Over the years, certain Kudelka hallmarks have emerged: emotionally intense scenes evoking an individual's isolation from a group, dysfunctional families and doomed romances, all of which play out in complex choreographic patterns, with quick changes of direction and almost-twisted partnering moves. Many dance writers have connected his work to his "personal demons," calling him angst-ridden, shy and always on guard.

On the phone, however, it seems Kudelka's public persona has taken on other characteristics of his dances. He has the mildly precise tones of proper Canadian speech but laughs easily; and he switches topics quickly, mid-sentence, while managing to maintain an organic conversational flow. You're challenged to keep up, and always taken in interesting directions.

ABT artistic director Kevin McKenzie says that Kudelka is always looking for the next step. "He truly evokes a strong image and aesthetic that people either like or don't like. They may not know that the dancers are doing something horrendously difficult, but it looks incredibly human; they understand it. I've found that with 'Cruel World' that audiences are pretty consistently wowed. They're like--whew! Either through exhilaration or exhaustion, you know?"

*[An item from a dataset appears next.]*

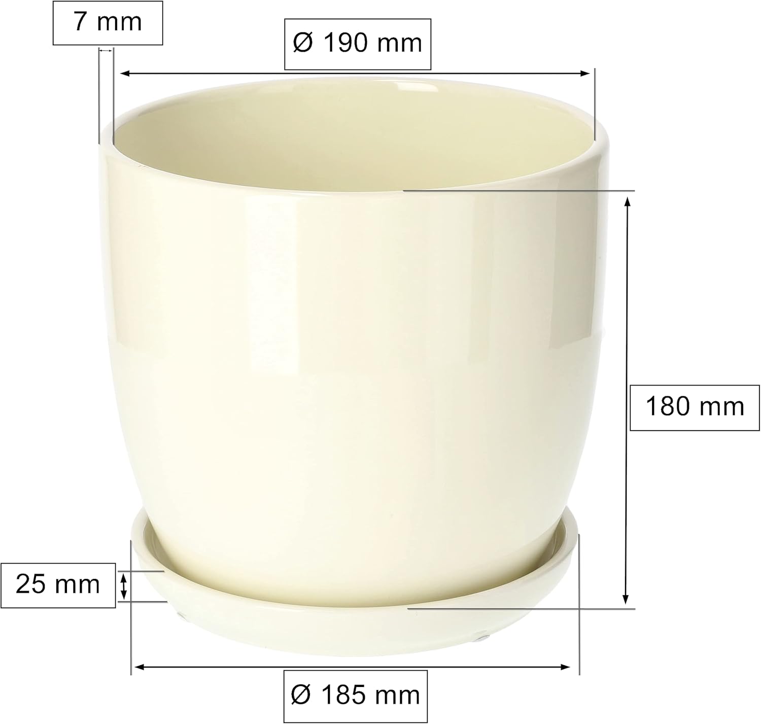 - TECHNISCHE DATEN - Blumentopf Beige 20 cm – Höhe: 180 mm, Wandstärke: 7 mm, Durchmesser: 190 mm, Höhe der Tropfschale: 25 mm, Durchmesser der Tropfschale: 185 mm, Farbe: Beige, Material: glasierte Keramik, Gewicht: 1852 g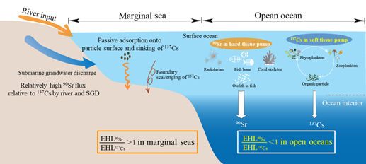 图1 边缘海和开阔大洋中90Sr和137Cs行为差异及其控制机制

For dancers, Kudelka's rehearsal methods are notoriously exhausting. He's often said that a tired dancer is a creative dancer--that fatigue eliminates old ways of thinking and leads to deeper interpretations. "I think I've pulled back on that a little now," he says. "It would be hard for the dancers to believe it, because I still make very, very difficult ballets, but I'm paying more attention to building in rest periods along the way."